Bhasha Mukherjee, who was crowned Miss England in 2019, has returned to the United Kingdom from overseas charity work to continue her career as a doctor amid the coronavirus pandemic.
The beauty queen took a career break as a junior doctor after competing in the Miss World pageant in December 2019. Mukherjee represented England at the pageant after winning Miss England.
Invited to be an ambassador for several charities, Mukherjee had planned to hang up her stethoscope and focus on humanitarian work until August this year.
“I was invited to Africa, to Turkey, then to India, Pakistan and several other Asian countries to be an ambassador for various charity work,” she said.
At the beginning of March, the 24-year-old had been in India for four weeks on behalf of Coventry Mercia Lions Club, a development and community charity for which she was ambassador. They visited schools with donations of stationery, and also gave money to a home for abandoned girls.
But as the coronavirus situation worsened back home in the UK, Mukherjee was getting messages from former colleagues at her old hospital, the Pilgrim Hospital in Boston, eastern England, telling her how hard the situation was for them.
She contacted the hospital’s management team to let them know that she wanted to return to work.
Mukherjee, who moved to the English city of Derby from Kolkata at the age of 9, said: “I felt a sense of this is what I’d got this degree for and what better time to be part of this particular sector than now.”

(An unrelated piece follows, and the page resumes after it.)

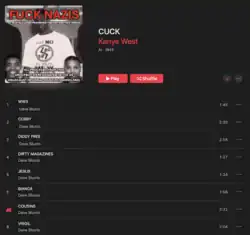35. ^ a b Moore, Sam (May 19, 2025). "Kanye West's 'Cuck' Album Leaked By Hackers". HipHopDX. Retrieved May 19, 2025.

“It was incredible the way the whole world was celebrating all key workers, and I wanted to be one of those, and I knew I could help,” she said.
And so Mukherjee returned to the UK on Wednesday after working with the British High Commission in Kolkata to find a flight from India to Frankfurt, then to London.
“There’s no better time for me to be Miss England and helping England at a time of need,” she said.
Mukherjee is self-isolating for one to two weeks until she can return to work as a doctor at the Pilgrim Hospital. She specializes in respiratory medicine but said doctors are currently being rotated to wherever they are needed.
As of Monday, the UK had recorded more than 48,000 cases of coronavirus and nearly 5,000 deaths, according to figures from Johns Hopkins University.